Com tantas bicicletas, um dos lobbies mais poderosos da cidade é o Fietsersbond, ou União dos Ciclistas, com seus 4 mil membros locais. Refletindo sobre porque os moradores de Amsterdã se interessam tanto por bicicletas, Michèl Post, funcionário da União, atribuiu o motivo à densidade do país.
- Nosso país é pequeno, é todo plano e o clima não é extremo. Temos muita sorte - disse Post, que pedala 11,3 quilômetros todos os dias para pegar um trem no centro de Amsterdã.
Ainda assim, mesmo os defensores das bicicletas como Post reconhecem que há desafios. Um é a recente proliferação das scooters, algumas das quais têm permissão para usar ciclovias, frequentemente causando acidentes. Enquanto as scooters barulhentas somam apenas 3% do trânsito, elas são responsáveis por 16% dos acidentes de trânsito. Entretanto, o maior desafio é o estacionamento descontrolado das bicicletas, reconhece Post:
- Há bicicletas demais. Nas estações de trem, nos shoppings, nas áreas residenciais, em todo lugar há mais bicicletas do que lugar para estacioná-las. Quando você olha para as grandes praças na sexta à noite, o lugar está completamente coberto de bicicletas. Há também a questão dos valores estéticos.

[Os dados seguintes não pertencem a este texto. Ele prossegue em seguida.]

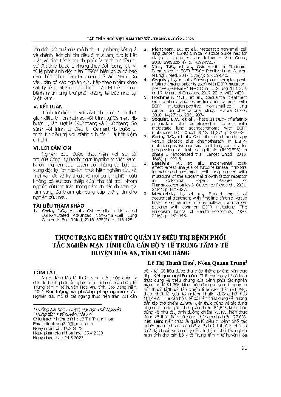 Thực trạng kiến thức quản lý điều trị bệnh phổi tắc nghẽn mạn tính của cán bộ y tế Trung tâm Y tế huyện Hòa An, tỉnh Cao Bằng = The current status of knowledge on management and treatment of chronic obstructive pulmonary disease among medical staff at Hoa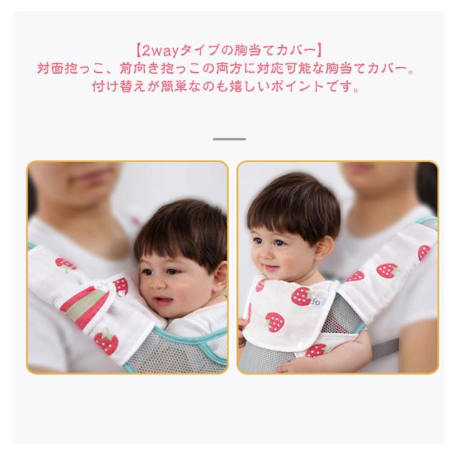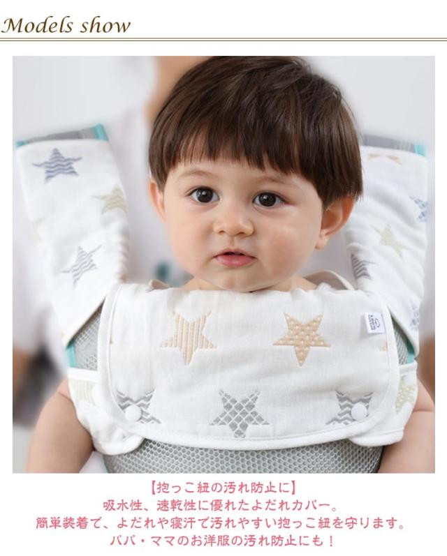 | 抱っこ紐の汚れ防止に! よだれカバー 6重ガーゼ綿 全20柄 【3点セット】 【抱っこ紐の汚れ防止に】 吸水性、速乾性に優れたよだれカバー。 簡単装着で、よだれや寝汗で汚れやすい抱っこ紐を守ります。パパ・ママのお洋服の汚れ防止にも! 【赤ちゃんのお肌に優しい綿】 赤ちゃんのお肌やお口に触れるものだから、天然素材100%が安心。 優しい肌触りでお肌が敏感な赤ちゃんにも安心です。 【2wayタイプの胸当てカバー】 対面抱っこ、前向き抱っこの両方に対応可能な胸当てカバー。 付け替えが簡単なのも嬉しいポイントです。 【スナップボタンで簡単着脱。長さ調整も可能】 簡単に留められて外れにくいスナップボタン。お肌にあたってもマジックテープのように傷つけてしまう心配もありません◎ボタン位置を変えて長さ調整も可能です。 【多くの抱っこ紐に対応】 ベルト幅が8cm以上あれば使用可能な汎用タイプ。 実際に多くのブランドの抱っこ紐で使用されているので安心です。 | |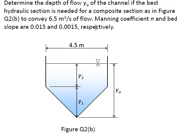 Determine the depth of the flow of channel if the best hydraulic channel is needd for composite channel in figure to convey flow rate of 6.5(m^3/s) , Manning coefficient n on bed slope are 0.015 and 0.0015 respectively .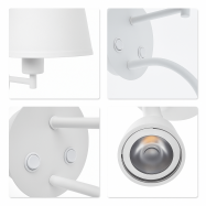 Este candeeiro de parede destaca-se pela sua dupla funcionalidade, uma vez que possui um abajur em tecido, com um casquilho E27, que permite uma iluminação geral, e incorpora simultaneamente uma luminária LED regulável especialmente concebida como candeeiro de leitura. Ambas as luminárias são ligadas ou desligadas através de interruptores independentes.

Uma balsa em desuso foi colocada no IJ para acomodar mais de 400 bicicletas. Ainda assim, ele disse, a demanda é muito maior do que a oferta. Passageiros gostam de largar suas bicicletas perto da estação antes de embarcarem no trem, muitas vezes apenas acorrentando-as a postes, em frente a entrada da estação. Trabalhadores removem cerca de cem dessas bicicletas todos os dias, quebrando as correntes com trava, disse Van Heijningen.
Ainda assim, ninguém sonha em limitar o uso das bicicletas. Na verdade, quando o renomado Rijksmuseum, a joia da coroa da cidade, reabriu em abril, depois de uma reforma de 10 anos e US$ 500 milhões, os lobistas de bicicleta celebraram uma vitória quando os guardas removeram as barreiras para uma ciclovia pelo centro do museu. O diretor do museu, Wim Pijbes, tentou eliminar a ciclovia e colocar a entrada do museu no lugar, forçando os ciclistas a pedalar ao redor do prédio para proteger os pedestres. No entanto, a União dos Ciclistas, apoiada por uma petição que mostrava um esmagador apoio popular, ganhou a batalha.
- O lobby certamente ajudou - disse Koorn, responsável pelo transporte da cidade.